第三人称複数の蔑称(共通語では差し詰めあいつら、やつら等)
に該当する単語のひとつに飛騨方言では、ああら(○●●)、があります(○弱、●強)。
ところが第三人称単数の蔑称に、ああ、とはいいません。
つまりはどうにもこうにも、ああらの元の言葉・単数形が私には思い浮かべられないのです。

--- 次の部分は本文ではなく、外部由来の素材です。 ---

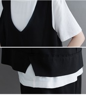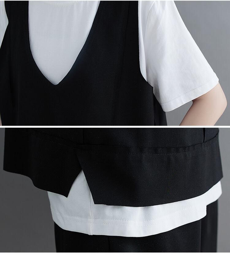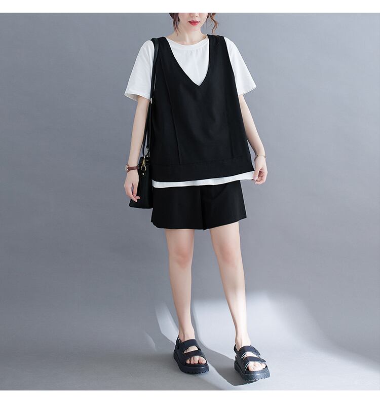 大きいサイズ展開のTシャツとベスト、パンツの3点セット。
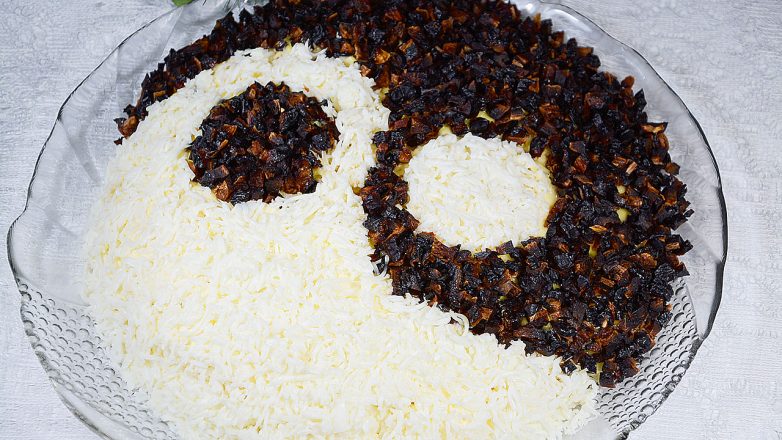 Удивите гостей салатом «Инь Янь» с курицей и сыром!
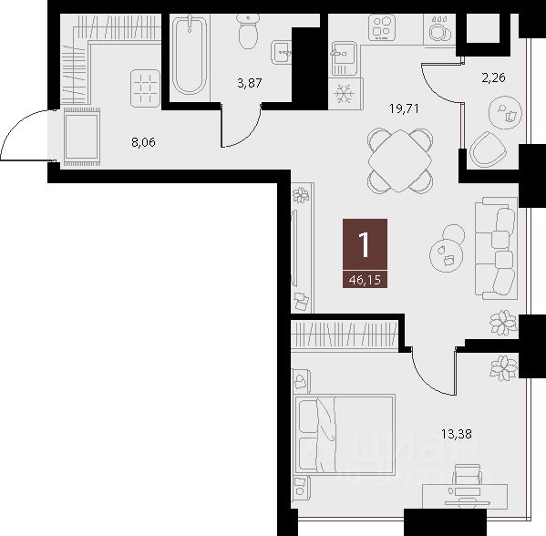 Общая площадь46,15 м2
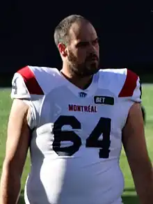 Jamieson was drafted in the third round, 20th overall, in the 2016 CFL Draft by the Montreal Alouettes and signed with the team on May 25, 2016.[4] He returned to Western University to play his final year of eligibility in 2016 and re-joined the Alouettes in 2017 where he played in his first career game against the Ottawa Redblacks in the Labour Day Classic on August 31, 2017.[5] Jamieson played in eight regular season games during his rookie year in 2017. He played in 16 games in 2018 and then 15 games in 2019. He did not play in 2020 due to the cancellation of the 2020 CFL season. He played in eight games in 2021. Jamieson suffered a knee injury on June 23, 2022 and missed the next three games.[6] He was activated from the six-game injured reserve list and return to action on July 28, 2022.[7] Later in the season Jamieson was diagnosed with a torn ACL in mid-October, ending his season.[8]
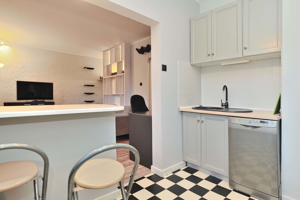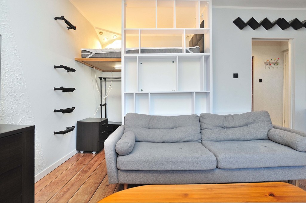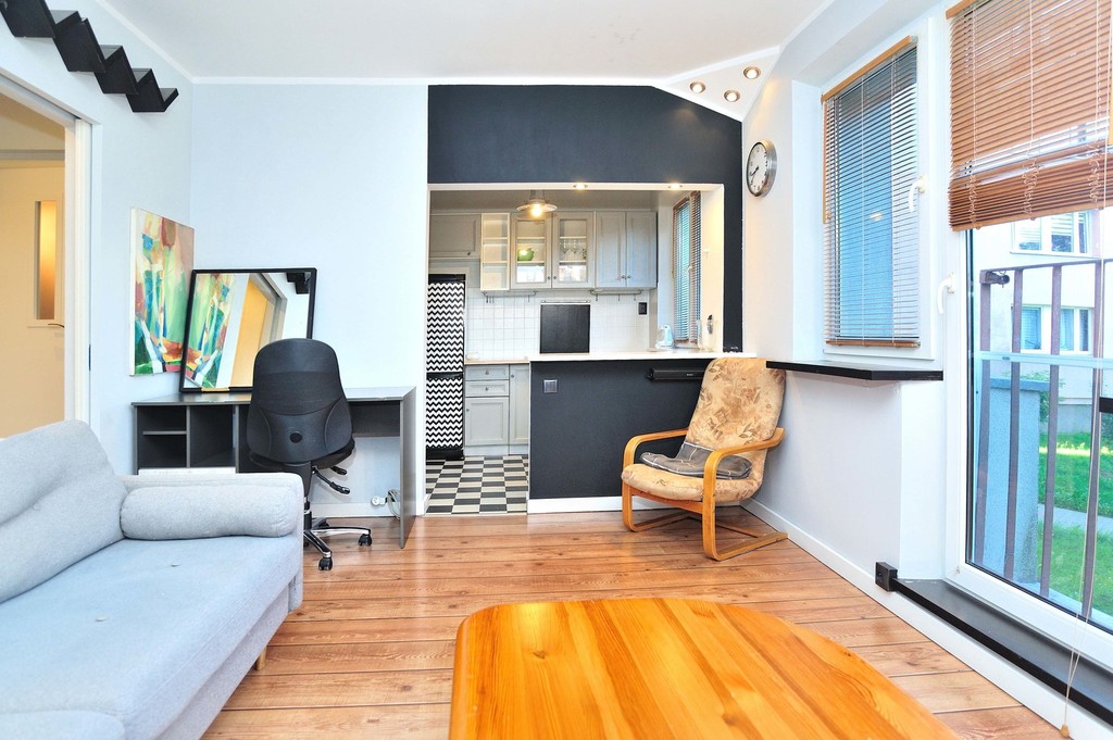 OPIS MIESZKANIA: Do wynajęcia mieszkanie znajdujące się na parterze XII-piętrowego wieżowca. Jego całkowita powierzchnia wynosi 30,81 m2, jest w pełni umeblowane i wyposażone. W mieszkaniu znajduje się pokój z aneksem kuchennym i wyjściem na balkon, łazienka z WC oraz przedpokój. Łazienka wyposażona jest w kabinę prysznicową, pralkę, umywalkę z lustrem, półki na kosmetyki, wc, grzejnik drabinkowy. Kuchnia jest umeblowana i wyposażona w sprzęt AGD - kuchenkę gazową z piekarnikiem elektrycznym, lodówkę z zamrażalnikiem, zmywarkę. W pokoju jest rozkładana kanapa, biurko, cztery stoliki, lampa podłogowa, regał na książki, komoda, szafka, półka nad drzwiami. Niewątpliwym atutem kawalerki jest także wydzielone miejsce do spania za pomocą antresoli z wygodnym materacem i mieszcząca się pod nią garderoba.

その昔はあいつら、といっていたのが時を経て、ああら、というようになったのでしょうか。
まさかね。
ところで第三人称の単数は男女とも、ありぃ、です。
そしてこれを複数形、ありぃら、あるいはありぃだち、にしても単に彼ら、彼女ら、という意味
に留まり、敬称にも蔑称にもないように思います。
おそらくは、ありぃら、が次第に、ああら、と発音されるようになり
蔑称の意味が加わってきたのではないでしょうか。
さてせっかくです、応用編とまいりましょう。
私・おりぃ、を活用して
おおらぁ(○●●)
というと私たち、という意味の謙譲語に
なりましょう。私はその昔、竹馬の友とこの言葉を言い交わしていたような気がします。
また、あなた・わりぃ活用して
わあらぁ(○●●)
というと貴様ら、という意味の別称(あるいは蔑称)に
なりましょう。これも、私、昔使っていたような気がなんとなくするのですが。
蛇足ながら、ああら、は実はバリバリの現役の言葉です。
今でも大西村では誰彼もが使うんですよ。でも高山の市街地では使われないでしょうか。
もっとも大西村は今では市町村合併で高山市となっていますので、
大西地区高山市民には( はい自信を持って書こう )ああら、を使う人が間違いなくいます。